4. The Execution Pipeline
If you look at the Bonsai documentation, the lifecycle of a single conversational turn looks like this:
Input → Moderation → Classifiers + Guardrails + Transformers → Actions (webhooks, state updates, routing) → LLM Generation
Notice where the LLM is. It's at the very end.
By the time the generative model is asked to speak, the system has already verified the guardrails, extracted the context, updated the state, and routed the user to the correct stage. The LLM is given a highly restricted, perfectly contextualized prompt, and all it has to do is generate a coherent response based on approved knowledge.
It works because we stop treating the LLM like an omniscient brain, and start treating it like a very powerful, somewhat erratic co-processor that needs strict API boundaries.
Worked example: the Lead Qualifier
Enough theory — here is a real Bonsai project we ship. The Lead Qualifier is a voice agent that runs sales discovery, decides whether the prospect is a fit, and — if they are — books a meeting and pushes everything into the CRM. It lives across two stages.
In the first stage, the agent's only job is to run a natural discovery conversation. The BANT rubric (Budget, Authority, Need, Timeline) sits in Constants, not in the system prompt — the qualification methodology is data, not narrative. The stage prompt only knows how to talk; the rubric lives next to it, queryable.
While that conversation unfolds, two transformers run on every turn. The Director Whisper extracts a coaching layer (inner_reflect, tone_of_voice, red_flags, director_suggestion) that the next turn's prompt consumes. Data Gathering pulls the actual BANT fields (client_budget, client_role, project_timeline, client_pain_points…) into the User Profile.
Two classifiers run in parallel. Guardrails catches free-work requests, sensitive projects, attempts to extract our BANT methodology itself, and the usual content moderation. Skills picks up softer cues — when a user says "I want an AI that will sell my products," the skill_vague_scope_clarifier fires and the next turn pivots into a clarification sub-flow without ever leaving the stage.

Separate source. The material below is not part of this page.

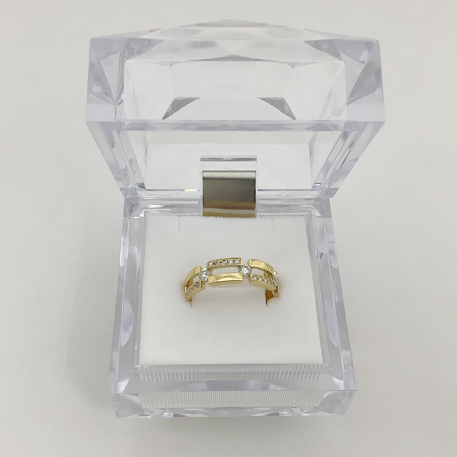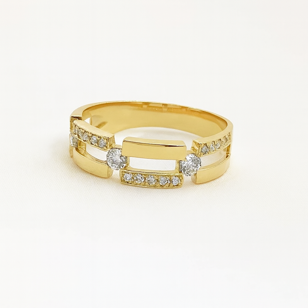 抜け感のある中央部が、モダンで知的な印象を際立たせるリングです。

When the User Profile finally hits all data collected, an action fires go_to_stage("Book Call"). The second stage is mechanical: a Smart Function generates the user summary, a webhook pushes the contact to the CRM, the agent confirms a meeting slot, and a follow-up email goes out.

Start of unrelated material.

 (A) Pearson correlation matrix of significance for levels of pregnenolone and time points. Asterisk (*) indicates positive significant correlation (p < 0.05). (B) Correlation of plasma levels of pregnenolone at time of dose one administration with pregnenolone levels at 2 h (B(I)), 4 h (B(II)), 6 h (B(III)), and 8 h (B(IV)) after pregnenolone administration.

Notice what is never in the LLM prompt at any point: the full BANT rubric, the list of disqualifying conditions, the email template, the CRM payload schema. All of that lives in structure — Constants, Transformers, Guardrails, Webhooks. The LLM only ever sees the current stage's narrow prompt plus the structured state it actually needs to keep the conversation moving.

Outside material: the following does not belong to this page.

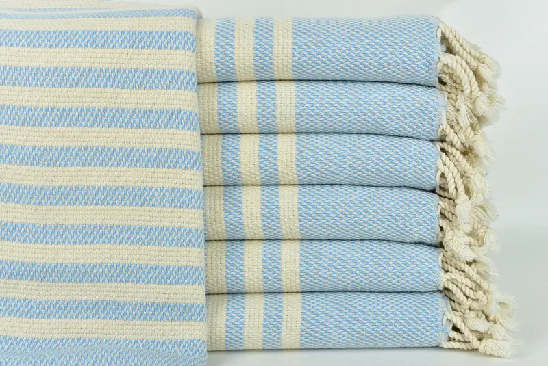Strandtuch aus türkischer Baumwolle, Babyblau gestreift, 40 x 67 Zoll

Stop writing prompts, start building systems
"AI is going to replace all human communication within 18 months."
I told you I don't say that. What I will say is that AI can handle highly complex, deeply frustrating, multi-turn human communication right now — but only if you respect the medium.
If you are treating your conversational AI like a magic text box where you can just endlessly append new IF/THEN rules, you are going to spend the next two years fighting hallucinations in QA. Your voice agents will drift, your users will hang up, and you'll blame the model.
Stop writing monolithic prompts. Draw your state machine. Isolate your context. Route deterministically. Start doing actual information architecture. It's less flashy than calling yourself a prompt wizard, but at least your system won't embarrass itself after turn three.